При этом глаза у него заволоклись снизу петушиной пленкой, так что Лизочка даже испугалась. Но пугаться было нечего. Этот прием, известный у Гутбрехта под названием «номер пятый» («работаю номером пятым»), назывался среди его друзей просто «тухлые глаза».

— Смотрите! Гут уже пустил в ход тухлые глаза!

Он, впрочем, мгновенно выпустил Лизочкину руку и сказал уже спокойным тоном светского человека:

— Начнем мы, конечно, с селедочки.

И вдруг снова сделал тухлые глаза и прошептал сладострастным шепотом:

— Боже, как она хороша!

И Лизочка не поняла, к кому это относится — к ней или к селедке, и от смущения не могла есть.

Потом начался разговор.

— Когда мы с вами поедем на Капри, я покажу вам поразительную собачью пещеру.

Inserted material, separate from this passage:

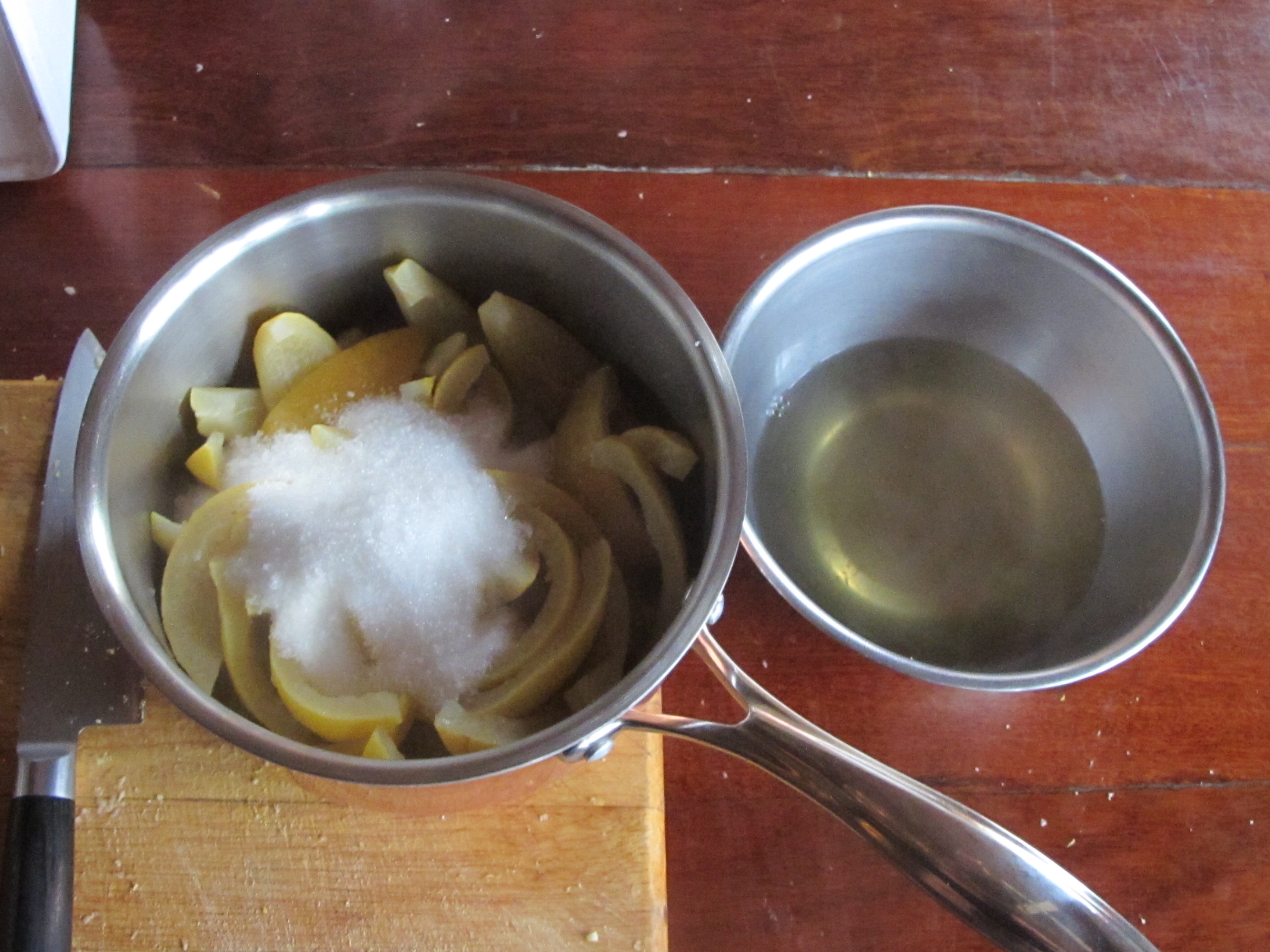 Drain off the water and weigh it. Add 1kg of sugar for every litre of water or part thereof proportionally. Return to the stove and bring back to the boil and let it simmer for another half hour or so. Leave to cool in the liquid over night.
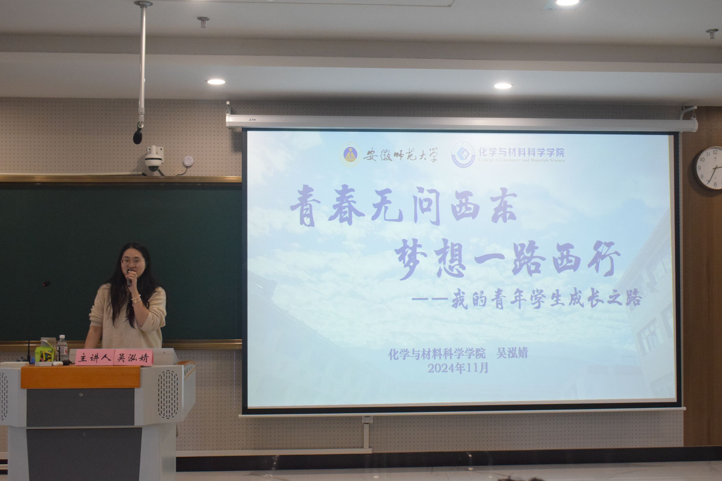 校第25届研支团志愿者、化学专业2024级研究生吴泓婧以“青春无问西东,梦想一路西行”为主题,介绍了自己作为学团骨干和研究生支教团成员期间的经验与感悟,分享了个人成长事迹。在学生干部方面,她结合自身多学生干部的经验,建议学弟学妹们沉下心、弯下腰,积极主动地为同学们服务,在实践中提升个人能力。在支教团经历分享中,她深情讲述了自己在四川省普格县支教过程中的所见所闻、所思所感,以及这段经历给自己带来的成长与收获,让同学们深刻感受到了奉献的力量和责任的重大。在讲座的最后,她送给同学们一段话:“在三尺讲台上助力学生成长,用主题团课讲好新时代故事,用热情和耐心温暖少数民族学子心灵,用实际行动诠释当代青年的责任与担当!”

Лизочка трепетала. Почему она должна с ним ехать на Капри? Какой удивительный этот господин!

Наискосок от нее сидела высокая полная дама кариатидного типа. Красивая, величественная.

Чтобы отвести разговор от собачьей пещеры, Лизочка похвалила даму:

— Правда, какая интересная?

Гутбрехт презрительно повернул свою голую голову, так же презрительно отвернул и сказал:

— Ничего себе мордашка.

Это «мордашка» так удивительно не подходило к величественному профилю дамы, что Лизочка даже засмеялась.

Он поджал губы бантиком и вдруг заморгал, как обиженный ребенок. Это называлось у него «сделать мусеньку».

— Детка! Вы смеетесь над Вовочкой!

— Какой Вовочкой? — удивилась Лизочка.

— Надо мной! Я Вовочка! — надув губки, капризничала орлиная голова.

— Какой вы странный! — удивлялась Лизочка. — Вы же старый, а жантильничаете, как маленький.

— Мне пятьдесят лет! — строго сказал Гутбрехт и покраснел. Он обиделся.

— Ну да, я же и говорю, что вы старый! — искренне недоумевала Лизочка.

Недоумевал и Гутбрехт. Он сбавил себе шесть лет и думал, что «пятьдесят» звучит очень молодо.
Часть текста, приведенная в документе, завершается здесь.